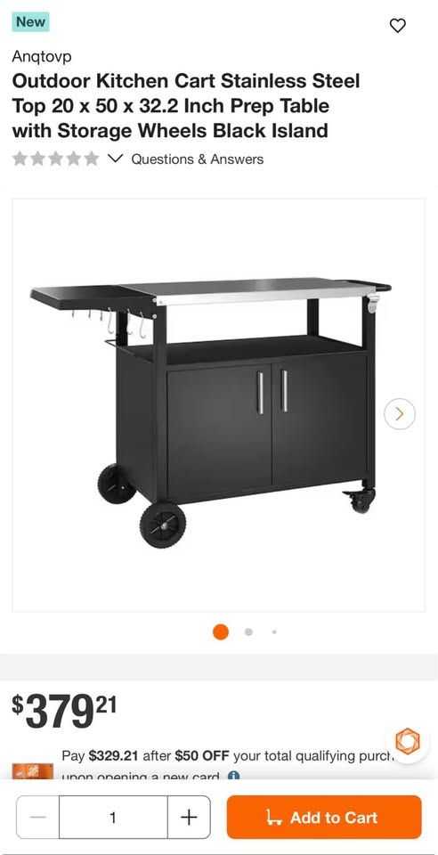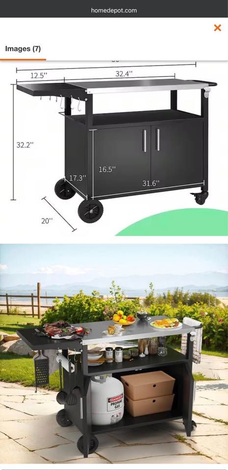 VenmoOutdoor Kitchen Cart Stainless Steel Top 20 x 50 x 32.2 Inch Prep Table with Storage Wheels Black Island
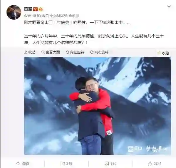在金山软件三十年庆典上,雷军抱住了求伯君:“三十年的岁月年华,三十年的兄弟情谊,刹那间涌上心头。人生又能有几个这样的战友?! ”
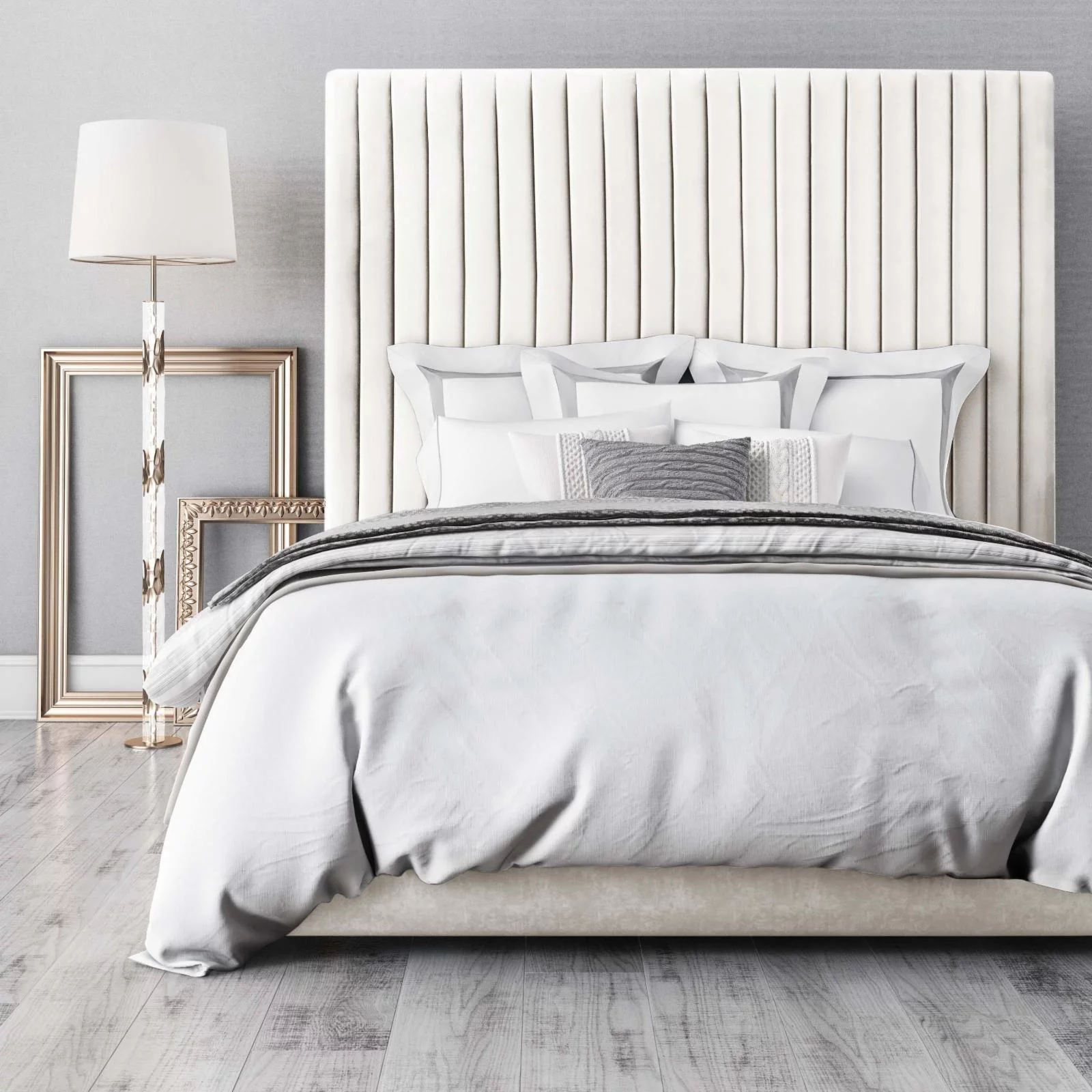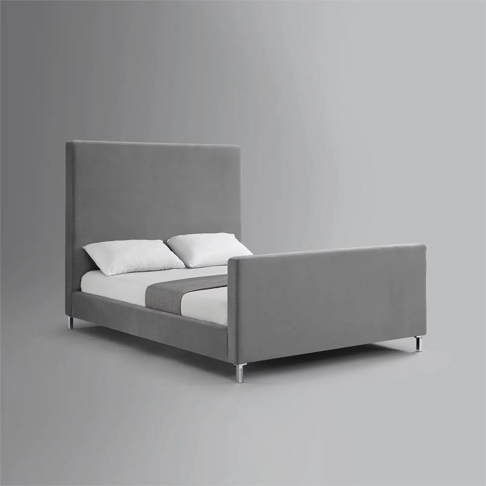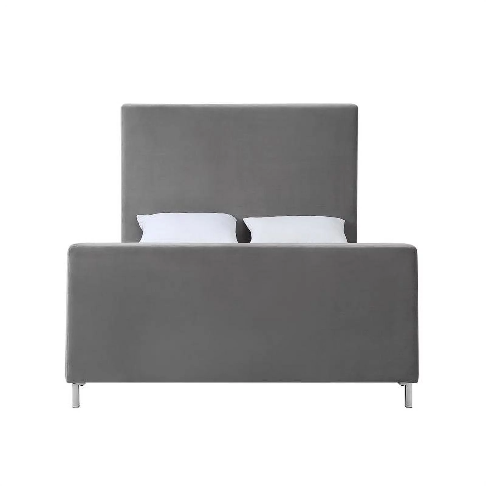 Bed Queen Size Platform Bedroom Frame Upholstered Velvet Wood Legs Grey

◇ ◇ ◇ ◇ ◇

What the exercise asks
Exact copy, no pictures: reproduce the whole listing above.

Written answer
 VenmoOutdoor Kitchen Cart Stainless Steel Top 20 x 50 x 32.2 Inch Prep Table with Storage Wheels Black Island
在金山软件三十年庆典上,雷军抱住了求伯君:“三十年的岁月年华,三十年的兄弟情谊,刹那间涌上心头。人生又能有几个这样的战友?! ”
 Bed Queen Size Platform Bedroom Frame Upholstered Velvet Wood Legs Grey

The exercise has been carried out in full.